Family participation.

Family participation was assessed with four items from the Active-Recreational Orientation subscale of the Family Environment Scale (e.g., We go to movies, sports events, or do other fun activities together as a family; Moos & Moos, 1994). Response options ranged from 1 (Hardly Ever) to 4 (Often). A mean composite score was computed for each participant using data from Wave 4. Higher scores indicated a greater level of family participation (α = 0.75).

Demographic variables.

Demographic variables measured in this study included gender and family socioeconomic status (SES). Gender was self-reported at Wave 1 with response options of male or female. Family SES was assessed by prestige scores (Nakao & Treas, 1990), assigned based on participants’ reports of their parents’ occupations. The occupations ranged from 29.3 (private household work) to 64.5 (professional). If both parents had occupations, the higher of the two prestige scores was used.

Data Analytic Strategy

First, we conducted attrition analysis to see if youth excluded from analysis differed from those included in the analysis. Second, we conducted univariate descriptive statistics and Pearson correlations to examine distributions and bivariate relationships among variables of interest. Finally, we tested our hypothesized moderated-mediation using structural equation modeling (SEM) using Mplus 7.3 (Muthén & Muthén, 2012). To deal with missing data, we used full information maximum likelihood (FIML). FIML was used on all study variables with missing data except for our observed variables for future orientation (i.e., hope agency, hope pathways, and purpose) and our moderator variable (i.e., family participation) because individuals were not included in our analysis if they had missing data for these variables. The advantage of using FIML for missing data, as opposed to multiple imputation, is that it produces a deterministic result rather than a different result each time it is run. FIML works by estimating a likelihood function for each individual based on the variables that are present so that all the available data are used (Schlomer, Bauman, & Card, 2010).
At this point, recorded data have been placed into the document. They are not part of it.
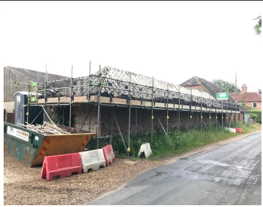
North & west elevations (facing south-east)
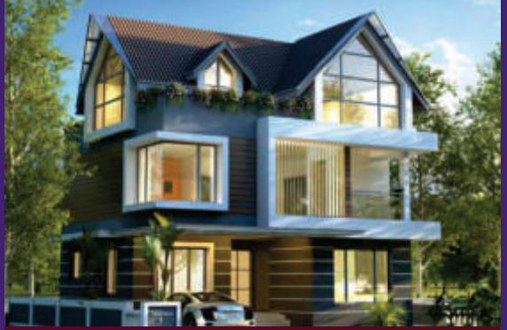
GREENDALE - KAKKANAD
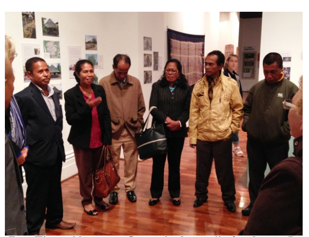
East Timor Veterans Group in Australia for Anzac Day 2015
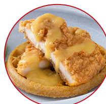
Chicken and Waffles featuring 04143 Campbell's® Healthy Request® Cream of Chicken Soup
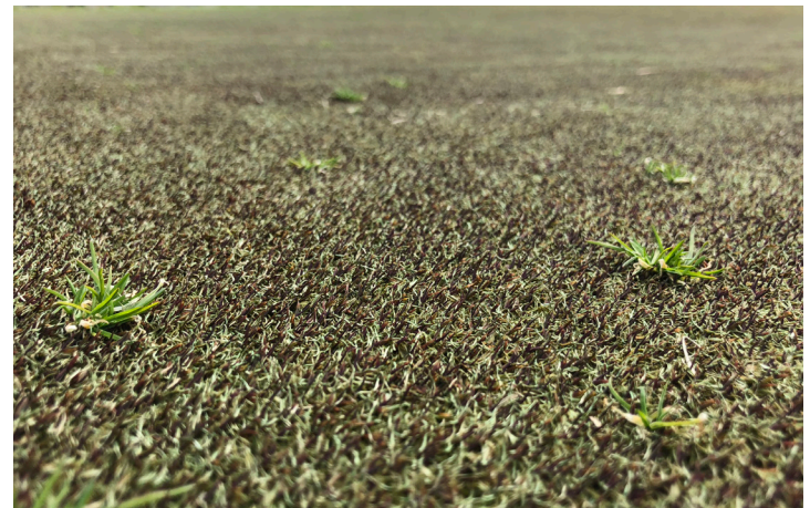
Figure 2: Poa annua infesting ultradwarf bermudagrass ( C. dactylon x C. transvaalensis ).

The first step in testing our hypothesized relationships was to create and test a measurement model assessing whether our measured items were appropriate indicators of our latent constructs. We specified ETV and future orientation as latent constructs in our model. Confirmatory factor analysis within Mplus was used to test the fit of our measurement model. We then tested our full measurement and structural model among all participants to determine whether ETV indirectly affected future orientation through perceived stress. Our structural model included a direct and indirect path from ETV to future orientation. The indirect pathway was through perceived stress. We also controlled for gender and SES in our model. Based on findings from bivariate correlations, we controlled for gender and SES by regressing them on perceived stress. Finally, we used multi-group structural equation modeling to test whether level of family participation moderates the pathway between perceived stress and future orientation. For this analysis, our grouping variable was high versus low levels of family participation. Participants in the high family participation group had scores greater than or equal to the average score of 2.18 (n = 152), while participants in the low family participation group had scores lower than the average score of 2.18 (n = 164).

Model fit was based on multiple indices including the following: model chi-square, Comparative Fit Index (CFI; Bentler, 1990), Root Mean Square Error of Approximation (RMSEA; Steiger, 1990), and Standardized Root Mean Square Residual (SRMR). Statistical significance for individual pathways was also assessed. Furthermore, to determine whether our structural model differed between individuals with low family participation and high family participation, a chi-square difference test was computed.

Results

Attrition Analysis

Attrition analyses were conducted to determine if participants excluded from this analysis differed from participants included. Results of the attrition analyses indicated that these individuals did not differ on SES (t(748) = 0.04, p > .05), but that females were more likely to be included than males (χ2 (1, N = 850) = 12.53, p < .001) and those included in our analysis were younger by 0.15 years on average compared to those excluded (t(848) = −3.41, p = .001). Furthermore, participants included in our analysis reported a lower purpose in life (t(408) = 2.06, p = .04) and greater hope agency (t(408) = 1.80, p <.01) compared to those excluded from our analysis. Individuals included in our study did not differ from those excluded on exposure to violence at Wave 1 (t(846) = .38,p >.05), Wave 2 (t(809) = .56,p >.05), or Wave 3 (t(781) = .42,p >.05), perceived stress (t(764) = 1.14,p >.05), family participation (t(745) = 1.63,p >.05), or hope pathways (t(408) = 1.80, p >.05).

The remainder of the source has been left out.